## Sub-Sector Concentration Risk in Real Estate ETFs
**Introduction**
Real estate exchange-traded funds (ETFs) offer investors a convenient and diversified way to invest in the property market. However, it is important to be aware of the potential risks associated with these investments, including sub-sector concentration risk.
**What is Sub-Sector Concentration Risk?**
Sub-sector concentration risk refers to the risk that an ETF may have a large allocation to a particular sub-sector of the real estate market. For example, an ETF may have a large exposure to residential properties or commercial properties.
This concentration can increase the volatility of the ETF’s returns, as the performance of a particular sub-sector can fluctuate significantly. For example, if the residential real estate market experiences a downturn, an ETF with a large allocation to residential properties may suffer disproportionately.
**How to Assess Sub-Sector Concentration Risk**
Investors can assess the sub-sector concentration risk of an ETF by examining its portfolio holdings. The ETF’s prospectus will typically disclose the percentage of the portfolio that is invested in each sub-sector.
It is important to consider both the overall concentration of the ETF’s portfolio and the concentration within each sub-sector. For example, an ETF may have a moderate overall concentration, but it may have a high concentration within a specific sub-sector, such as office properties.

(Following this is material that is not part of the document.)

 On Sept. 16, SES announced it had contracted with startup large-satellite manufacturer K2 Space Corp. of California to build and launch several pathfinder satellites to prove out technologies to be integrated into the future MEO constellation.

**Managing Sub-Sector Concentration Risk**
Investors can manage the sub-sector concentration risk in their real estate ETF portfolio by diversifying their investments across multiple ETFs. This will help to reduce the impact of any one sub-sector on the overall portfolio’s performance.

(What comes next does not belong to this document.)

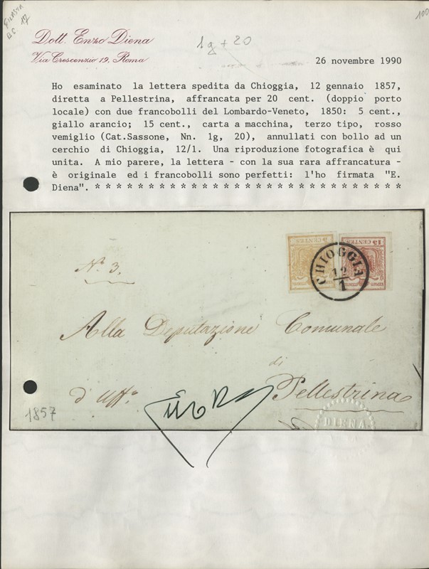 1850 - 5c giallo arancio e 15c rosso vermiglio (carta a macchina) da 'CHIOGGIA 12/1' 1957 a Pellestrina, in tariffa di doppio porto per il circondario. CF E.Diena (Sassone 1g+20 - Euro -)

It is also important to consider the investment objectives of each ETF when assessing sub-sector concentration risk. For example, an ETF that tracks the performance of the broad real estate market may have a higher level of sub-sector concentration than an ETF that tracks a specific sub-sector, such as residential properties.
**Conclusion**
Sub-sector concentration risk is an important factor to consider when investing in real estate ETFs. By understanding this risk and taking steps to manage it, investors can reduce the volatility of their returns and improve the overall performance of their real estate ETF portfolio.